**TASK PROMPT**
Print the records below exactly, starting at the first line and stopping after the line that contains "意味不明あだ名 | 『ペロリンほげーた』『永久保存ほげーた』 |". Leave out any pictures.

[Source records]

────────────────

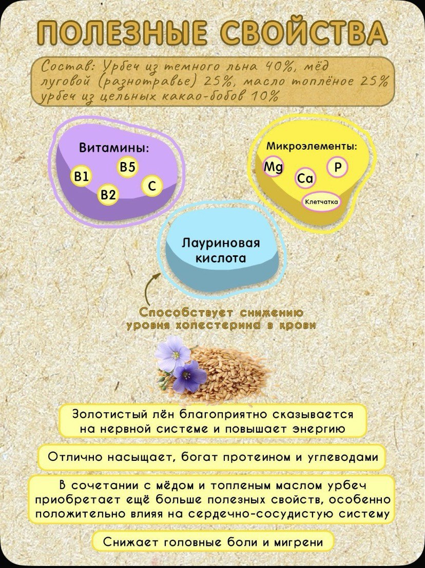 Урбеч из тёмного льна 40%, мёд луговой (разнотравье) 25%, масло топлёное 25% Урбеч из цельных какао-бобов 10%
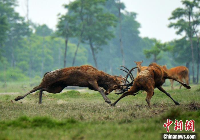 麋鹿争霸。(资料图) 杨国美 摄
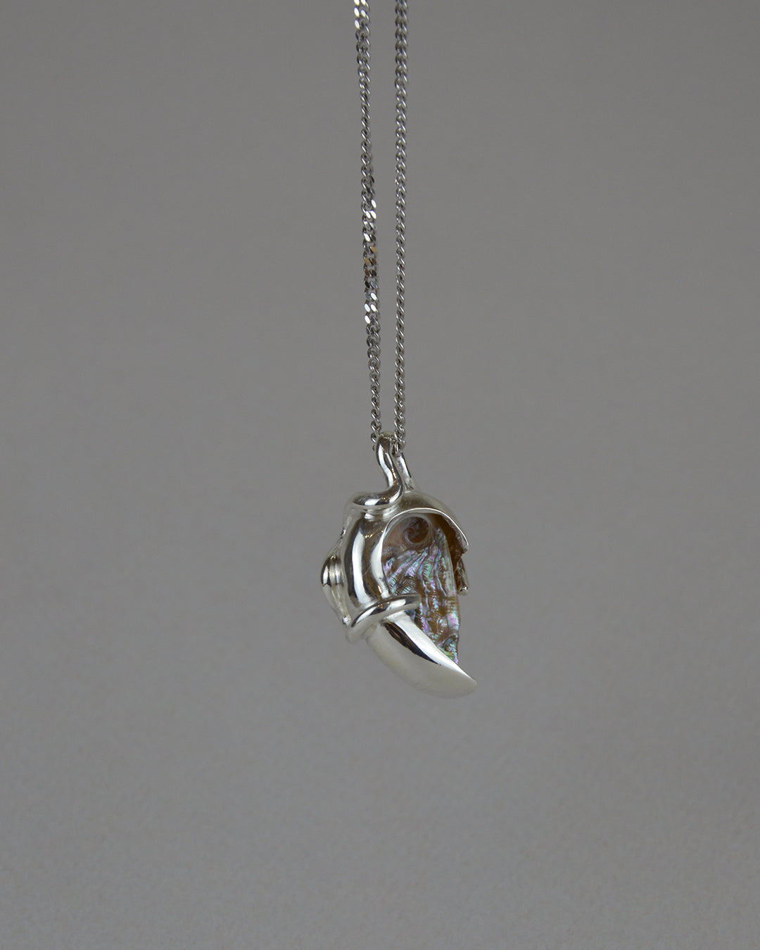 The amulets are composed of an abalone protected by a silver shell revealing subtly the colours from the nacre.
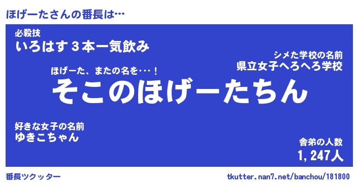 | 意味不明あだ名 | 『ペロリンほげーた』『永久保存ほげーた』 |
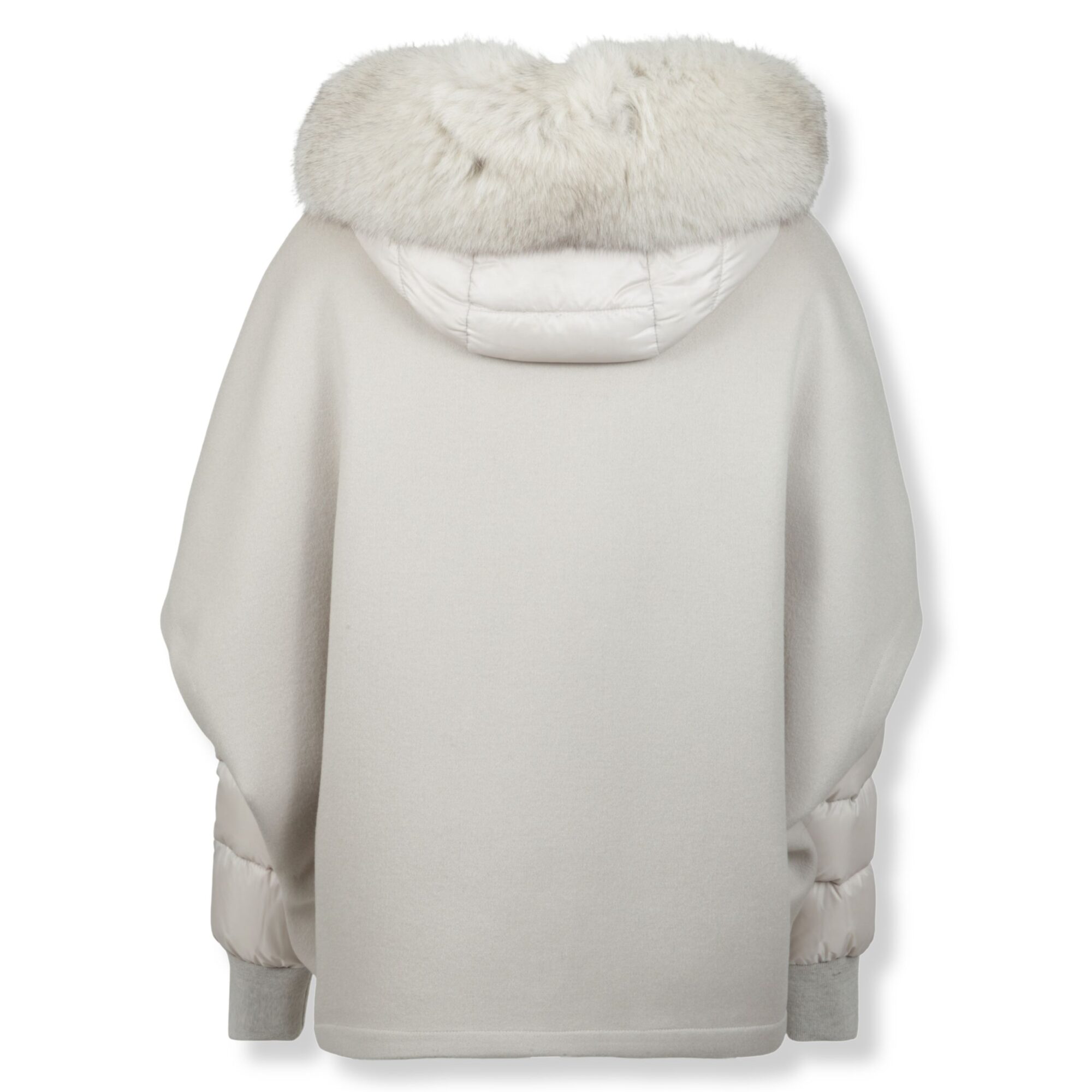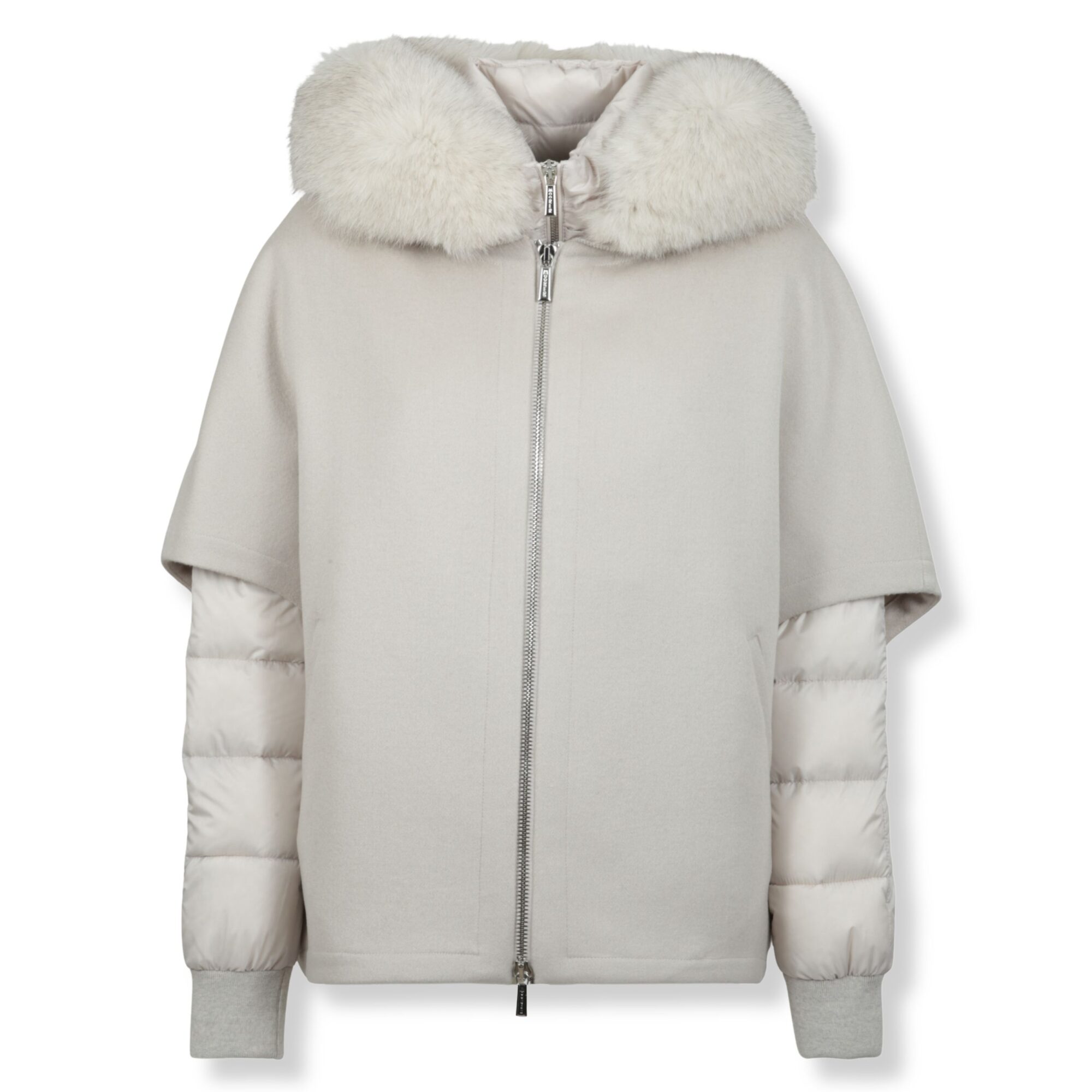 Pegaso-Lap Moorer. Cappa corta con bomber interno rimovibile in nylon imbottito in piuma d’oca. Cappuccio con inserto staccabile in pelliccia, chiusura frontale con zip e due tasche oblique laterali.

────────────────

**WRITTEN REPLY**
 Урбеч из тёмного льна 40%, мёд луговой (разнотравье) 25%, масло топлёное 25% Урбеч из цельных какао-бобов 10%
 麋鹿争霸。(资料图) 杨国美 摄
 The amulets are composed of an abalone protected by a silver shell revealing subtly the colours from the nacre.
 | 意味不明あだ名 | 『ペロリンほげーた』『永久保存ほげーた』 |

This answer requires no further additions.